Slice should be taken exactly the same way with each sample site. Two slices to be taken, one on each side of the GPS position. 

Each slice should cover 50% of the seeding row, eg 12-inch rows, two 6 inch cutes each taken the seed row into the sample as well as mid-row. If the grower was seeing corn at 30-inch spacing a slice of 15 inches must be taken on each side to get one correct sample. 

Each slice is then expected to see for anything that may not represent an average sample and notes taken. On an average field I fine an average of one slice that is rejected because it would not be an accurate representations of the field. This is usually causes by a large disposition of a substance not seen in other samples. Eg, chuck of animal waste, deer droppings, rocks, chunk of straw..ec.

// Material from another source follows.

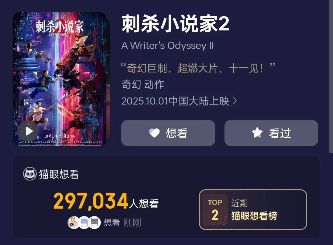 由导演路阳指导,邓超与董子健主演的奇幻动作片《刺杀小说家2》,在猫眼平台的想看人数在国庆档电影中一骑绝尘,位列近期想看榜TOP2。
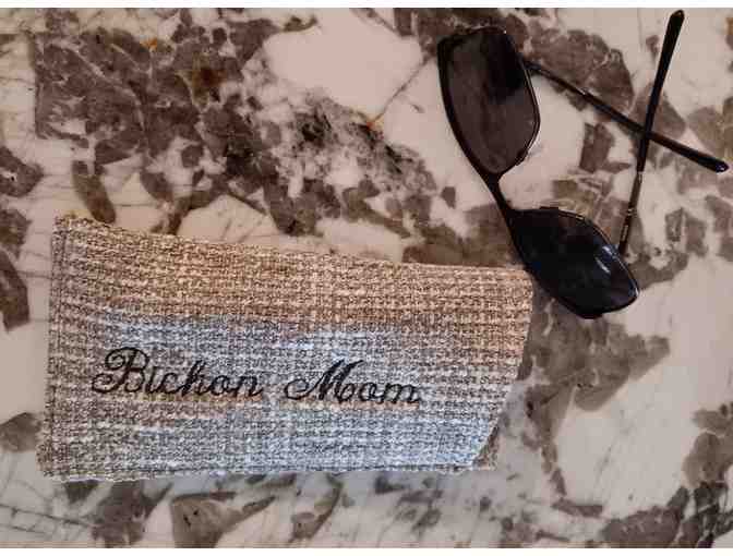 Protect your reading or sunglasses with this sophisticated glasses holder made of home decorator's fabric in tans and creams. "Bichon Mom" is embroidered in dark brown.

The first slice should be taken from a small hole to see subsoil and make note on filtrations and make up of sub soil. This will also help when separating each A horizon of soil from B horizon in an accurate sample. The separation of these two layers is easy taught and very important in accuracy of sample. This layer can be easy identified because it is usually the soil profile the producer works to the depth of his equipment. By taking note of sub soil important changes like from a gravel to a clay subsoil will change the management of the field and maybe cause to recommend separate zones in a field. 

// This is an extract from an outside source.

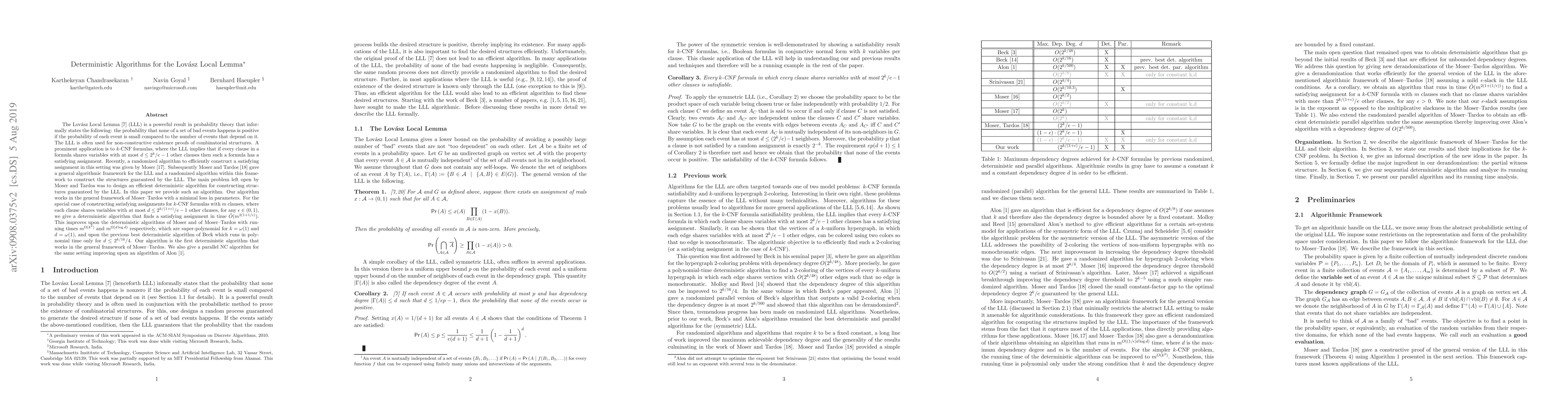 This paper presents a deterministic algorithm to efficiently construct satisfying assignments for k-CNF formulas using the Lovasz Local Lemma, improving upon previous randomized and deterministic methods with a runtime of \(\tilde{O}(m^{2(1+1/\eps)})\) and demonstrating parallelizability.

Each slice taken is examined, cleaned from obstructions, roots do not eat rocks, and larvae’s, etc. 

An earthworm count should also be done and once cleaned of all particles that may not represent the average of the field placed in a 5 gallon pail. I place all the driver side samples in one pail and all the passage door side in another. 

A sampling point (2 slices, expanding the seeding operation) should never exceed more than 20 acres of the fields. 
80 acres has minimum 4 sampling points 

This represents the standards set by USDA, United Nations, Universities, that a 1 one inch probe of soil extracted on each acres moving to 1 probe every 2 acres when the sampling acre exceeds 80 one inch probes. 
160-acre fields without zones minimum 8 sample point

Each 6-inch slice represent the same A horizon soil extraction as 6 to 10 soil probes, each in perfect row, perfect depth to get one unison representation of the soil sample. 

Example

80 acres Corn seeded on 30-inch rows

One 15 inch slice on each side of GPS coordinate.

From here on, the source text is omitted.